Eu ainda iria em muitos outros shows do Camisa de Vênus mas fui me dando conta da crescente antipatia e soberba do bandleader Marcelo Nova.  Com o ego inflado pelo sucesso  inegável , Marcelo esqueceu que a fórmula da enorme aceitação do Camisa na Bahia  era fazer com que o fã se sentisse parte do espetáculo. Nova  passou a confundir  irreverência com arrogância e  a destratar os seus admiradores, seja em cima do palco seja no contato pessoal.  Nos shows, passou a tratar a plateia como um bando de idiotas a quem dominava. Os mais descerebrados o idolatravam por isto, porém, as cabeças mais pensantes logo notaram que não valia mais  a pena pagar para ir a um show para sofrer bullying.  

         Quando o truque deixou de funcionar na Bahia, o Camisa de Vênus se preparou para alargar os horizontes e rumou, primeiro para o Rio de Janeiro, depois para São Paulo, indo parar no Rio Grande do Sul.  Dali em diante a banda perderia muito do encanto inicial. O segundo disco não me agradou muito, os outros dois seguintes  também, e o Camisa se tornou apenas uma boa lembrança no meu passado.

    O Camisa de Vênus acabou, voltou, acabou de novo, mudou de formação, incluiu “bons músicos”  nas inúmeras formações que se seguiram  – o que era um contrassenso, já que o charme daqueles primeiros tempos era  justamente a precariedade musical compensada por altas doses de energia e entusiasmo – e encontrou seu ocaso tocando no Festival de Verão junto a bandas de axé-music que tanto criticara, com Marcelo tentando polemizar com uma plateia que não era toda sua e  pouco interessada no som que vinha do palco.

 Em 2005, tocando na LP & Os Compactos, organizamos um show com o “Persona Non Grata”, grupo que incluía Gustavo Mullem, o outro guitarrista do Camisa, e Karl Hummel na formação. Eu, que nunca fora de tietar ninguém, tive a oportunidade de manter um contato bem mais próximo com duas das pessoas que realmente fizeram parte da minha adolescência. 

 Ainda nos encontraríamos mais três ou quatro vezes pelos palcos da vida, a última com Karl e Gustavo já  fazendo parte da versão deles do Camisa de Vênus com Eduardo Scott nos vocais.

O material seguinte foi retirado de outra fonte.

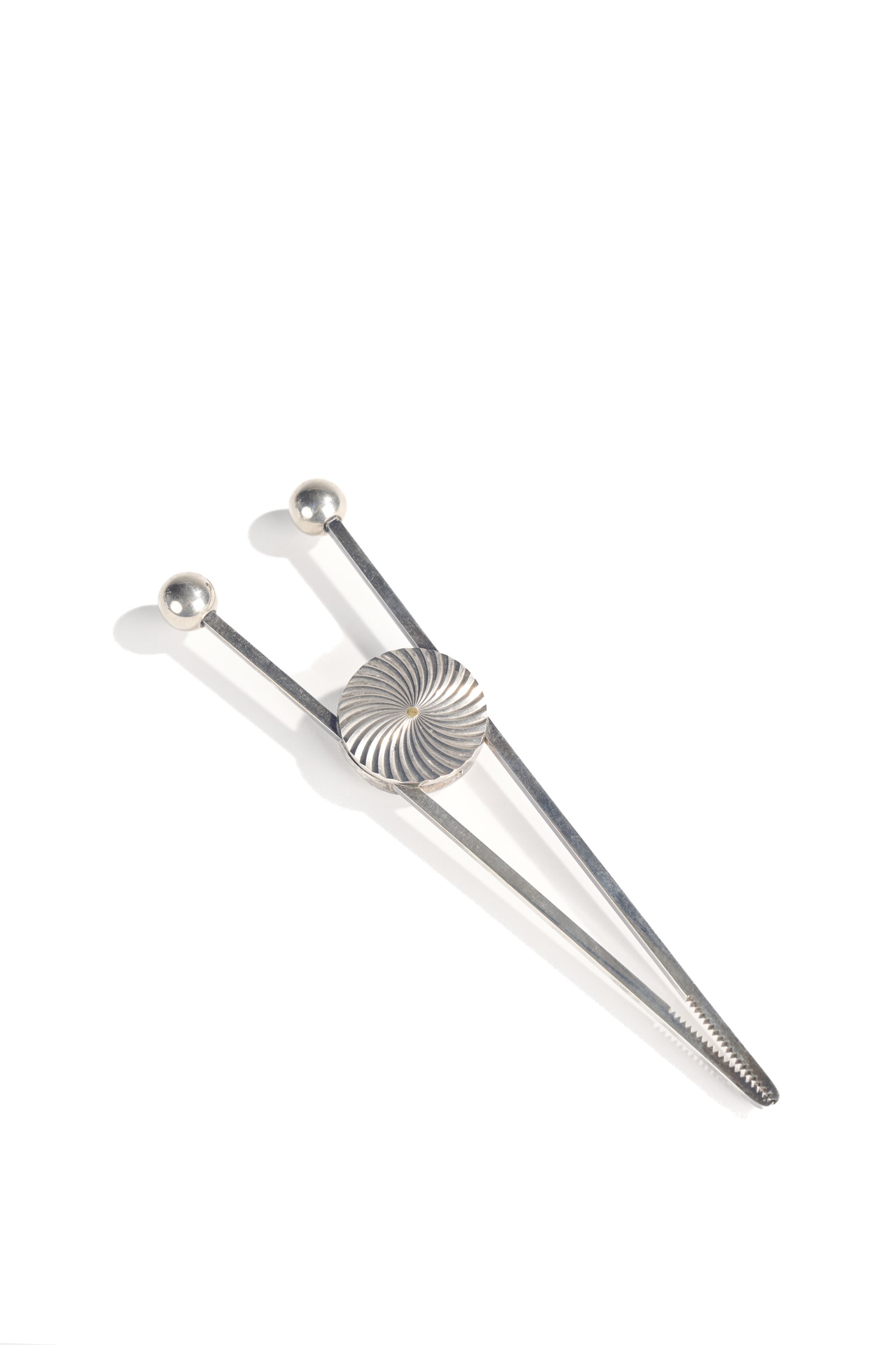 - La pince à sucre terminée par deux boules à décor rayonnant. Long. 20,5 cm.

Devo dizer que Gustavo Mullem é o cara. Uma pessoa atenciosa, gentil, bem-humorada, sem frescuras e, ao mesmo tempo, 100% rocker. Junto a Karl Hummel, formam uma verdadeira “dupla dinâmica”. E a relação deles dois é de amizade, de gente que se conhece, se ama e se odeia há muitas décadas. Então, se existem dois integrantes da banda baiana que parecem completa e literalmente afinados entre si, são os dois. Nada mais natural que tocassem juntos.

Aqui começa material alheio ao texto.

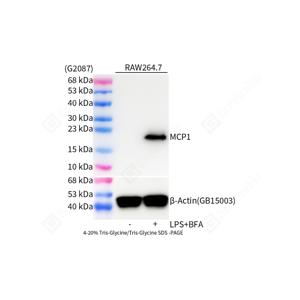 | WB检测MCP1蛋白(货号 GB153239). 样品: 经RIPA裂解液(货号G2002)处理的蛋白质. 封闭: 3%脱脂牛奶(货号GC310001)溶于TBST溶液, 室温孵育1小时. —抗: 1: 1000稀释, 4℃ 孵育过夜. 二抗: HRP标记山羊抗大鼠IgG (H+L) (货号GB23302), 1: 5000稀释, 室温孵育1小时. |

Já Eduardo Scott é um cara esforçado, simpático,  e muito educado. O conheço dos tempos em que frequentava os ensaios de sua banda anterior, o Gonorréia, ainda nos anos 80, e dos tempos em que ele trabalhava na Polygram, nos anos 90,  quando eu era lojista do ramo de discos.  Sempre foi pessoalmente aquilo que é no palco. Mas falta a Scott o carisma inegável de Marcelo Nova.  Quando vi o Camisa  ao vivo com o novo vocalista,  tive a impressão que Scott agia como um professor substituto que segue rigorosamente o plano de aula do professor efetivo.  E a culpa não é dele, de Scott.  Pelo contrário, aceitar substituir alguém icônico como Marcelo Nova  foi uma atitude corajosa e digna de todo o respeito. 

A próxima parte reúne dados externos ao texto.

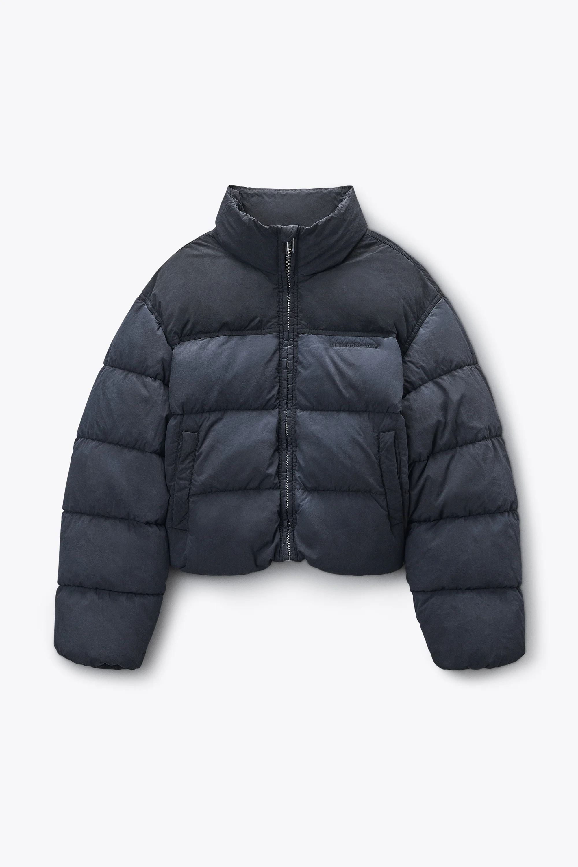 cut from washed graphite matte nylon, this cropped puffer jacket features a stand collar, dropped shoulders, and a zip-front closure with a bungee cord hem. snap welt pockets, tonal logo embroidery, and a contrast yoke panel complete the look. - long sleeves - stand collar - front-zip closure with guard - welt pockets with snap closure - body composition: 100% polyamide - model is 5'11" and wears a size s - made in China - 1WC4253303099A composition Body: 100%POLYAMIDE Body 2: 100%POLYAMIDE Lining: 100%NYLON Filling: 75%DOWN/25%FEATHER Filling 2: 100%POLYESTER

Conferi este já não novo Camisa em um show em que tocamos juntos,  no aniversário de um famoso médico baiano. Tocaram os hits respeitando os arranjos originais, coisa de gente sincera e apaixonada, que não se cansa nem se envergonha do que já fez.  Foi bom  ver  Karl e Gustavo  de cabelos brancos, pagando o tributo devido ao rock and roll, ainda que a antiga energia não fosse mais a mesma.  Havia legitimidade em toda aquela decadência. (Continua)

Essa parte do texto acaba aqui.